Comments 2: At the introduction part, the authors focus on the use case not the general specs of the flow shop problem itself, the baking of biscuits is the use case and I believe the methodology could be applied on another use case. the readers would be more interested in a generic description of the flow shop problem in hand.
Response 2: Thank you for pointing this out. In the revised introduction, we now use the biscuit-baking case only as a motivating example, and throughout the manuscript we have replaced it with a more general description. More specifically, we now refer to the oven as the upstream processor and to the packing machines as processing machines. We hope that this more generic terminology will make the problem more appealing to readers and better highlight the general applicability of our study. Please refer to the Introduction section for the statement ‘In many modern production systems, …very broad applicability in practice’.
Comments 3: There is no citation in the introduction section and up to the literature review including its first sections, also at the literature review the pros and cons of the methods used in Table 1 were not mentioned in the table, also which ones were continuous or discrete and does it affect the choice of the optimization algorithm.
Response 3: Thank you for your great comment. The original comparison table in the literature review did not distinguish whether the flow shop problems were continuous or discrete. In the revised manuscript, we have added the corresponding citations to the introduction and the literature review and updated the comparison table accordingly.
Comments 4: The authors need to explain why in specific they used GA and Heuristic method, since all that was mentioned was the inclusion of setup times and other variables in their approach
Response 4: Thank you very much for this helpful comment.
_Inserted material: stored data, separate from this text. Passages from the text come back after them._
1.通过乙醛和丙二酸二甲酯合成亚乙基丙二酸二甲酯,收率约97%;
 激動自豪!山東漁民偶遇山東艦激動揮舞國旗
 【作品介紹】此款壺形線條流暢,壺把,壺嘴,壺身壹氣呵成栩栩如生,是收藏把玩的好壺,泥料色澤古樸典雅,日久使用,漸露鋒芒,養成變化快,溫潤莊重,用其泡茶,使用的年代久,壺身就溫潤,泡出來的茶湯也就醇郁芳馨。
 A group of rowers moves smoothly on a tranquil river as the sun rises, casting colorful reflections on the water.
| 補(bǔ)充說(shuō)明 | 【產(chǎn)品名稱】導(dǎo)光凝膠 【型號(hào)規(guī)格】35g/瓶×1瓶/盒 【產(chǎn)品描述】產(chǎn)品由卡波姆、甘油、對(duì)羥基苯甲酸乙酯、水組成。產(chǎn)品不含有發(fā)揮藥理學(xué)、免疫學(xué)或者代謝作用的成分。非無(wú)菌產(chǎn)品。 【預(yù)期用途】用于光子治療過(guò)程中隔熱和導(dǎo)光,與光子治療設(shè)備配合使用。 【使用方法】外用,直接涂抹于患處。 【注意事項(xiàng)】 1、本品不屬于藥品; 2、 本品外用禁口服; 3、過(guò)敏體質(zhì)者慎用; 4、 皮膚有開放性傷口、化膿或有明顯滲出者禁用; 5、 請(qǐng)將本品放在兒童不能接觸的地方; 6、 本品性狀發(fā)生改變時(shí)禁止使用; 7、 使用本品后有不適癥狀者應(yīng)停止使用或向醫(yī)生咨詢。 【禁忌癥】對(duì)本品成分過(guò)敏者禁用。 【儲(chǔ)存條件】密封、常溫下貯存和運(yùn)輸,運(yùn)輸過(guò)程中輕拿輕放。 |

We agree that the reason behind our choice of the genetic algorithm and the heuristic method was not clearly explained in the original manuscript. In the revised manuscript, we have clarified that the heuristic algorithm is developed to quickly generate high-quality feasible solutions, while the genetic algorithm is employed to explore a broader range of production possibilities and obtain solutions of higher quality. Please refer to the beginning of the Solution Method section for the statement ‘First, based on the lower bound …In summary’.
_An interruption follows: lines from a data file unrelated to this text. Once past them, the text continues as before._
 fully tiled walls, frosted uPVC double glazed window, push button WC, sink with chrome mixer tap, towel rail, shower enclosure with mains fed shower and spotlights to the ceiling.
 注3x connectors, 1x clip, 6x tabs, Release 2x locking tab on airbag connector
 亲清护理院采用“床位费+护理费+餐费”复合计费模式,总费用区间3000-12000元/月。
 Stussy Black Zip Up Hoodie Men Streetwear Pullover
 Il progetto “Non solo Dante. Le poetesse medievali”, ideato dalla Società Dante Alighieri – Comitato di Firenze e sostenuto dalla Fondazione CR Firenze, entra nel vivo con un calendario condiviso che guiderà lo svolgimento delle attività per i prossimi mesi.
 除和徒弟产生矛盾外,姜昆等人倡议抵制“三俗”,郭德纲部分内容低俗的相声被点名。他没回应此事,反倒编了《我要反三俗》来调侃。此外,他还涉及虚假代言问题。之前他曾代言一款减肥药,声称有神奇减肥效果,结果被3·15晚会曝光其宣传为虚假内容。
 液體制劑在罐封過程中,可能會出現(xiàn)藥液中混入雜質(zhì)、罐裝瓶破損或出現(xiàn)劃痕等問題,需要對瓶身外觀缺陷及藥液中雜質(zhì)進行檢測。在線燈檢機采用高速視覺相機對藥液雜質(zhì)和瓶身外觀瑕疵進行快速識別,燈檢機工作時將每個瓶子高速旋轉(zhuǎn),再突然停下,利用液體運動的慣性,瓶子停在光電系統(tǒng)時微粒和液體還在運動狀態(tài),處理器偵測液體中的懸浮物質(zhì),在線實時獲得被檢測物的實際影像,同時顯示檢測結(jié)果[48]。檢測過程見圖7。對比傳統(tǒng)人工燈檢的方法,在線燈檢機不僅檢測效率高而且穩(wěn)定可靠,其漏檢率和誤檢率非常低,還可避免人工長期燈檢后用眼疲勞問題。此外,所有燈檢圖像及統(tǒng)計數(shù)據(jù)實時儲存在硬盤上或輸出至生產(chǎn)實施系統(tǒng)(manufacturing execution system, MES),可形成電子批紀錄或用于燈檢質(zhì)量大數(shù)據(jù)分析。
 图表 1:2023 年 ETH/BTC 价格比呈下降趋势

Comments 5: A list of abbreviations at the end of the paper would be beneficial, as it is very confusing to trace them, and they are explained multiple times in the paper
Response 5: Thank you very much for this precious comment, and we totally agree with the proposal. We have added a list of abbreviations at the end of the paper, and hope that our paper can be read more easily. Please refer to the Appendix A.
Comments 6: Sensitivity figure is not clear, so please update it.
Response 6: Thank you very much for this helpful comment. We have updated the sensitivity analysis figure to improve its clarity. Specifically, we replaced the original bar chart with a clearer and more distinguishable graphical style. In addition, because the objective values in the numerical experiments are relatively large—which made the differences among the algorithms less visible in the previous figure—we have adjusted the value range of the vertical axis to better highlight the performance differences. We hope these revisions make the sensitivity analysis section easier to read and interpret. Please refer to the figure 4.
Comments 7: In the results section it would make more sense to show the results of the two metrics separately and then combine them not the other way around, unless there is a reason for this, can the authors explain this?
Response 7: Thank you for your precious suggestion. Separating the two components of the objective function is part of analyzing the algorithmic characteristics. It is more appropriate to first examine the two components independently in order to identify the distinct behaviors of the algorithms, and then evaluate the combined objective to observe their overall performance. In the revised manuscript, we have supplemented the decomposition results of the two components for the small-scale instances and moved this part to appear before the numerical experiments of the total objective function. We hope that this adjustment improves the logical flow of the paper. Please refer to the Numerical Results and Analysis section.
Comments 8: Finally, there is no quantative or qualitative comparison at the end of the paper with work in the literature, which would emphasize the results and contributions of the manuscript, can this be added at the end. especially, the authors mentioned future work directions that mostly are implemented in literature already like scheduling using ML.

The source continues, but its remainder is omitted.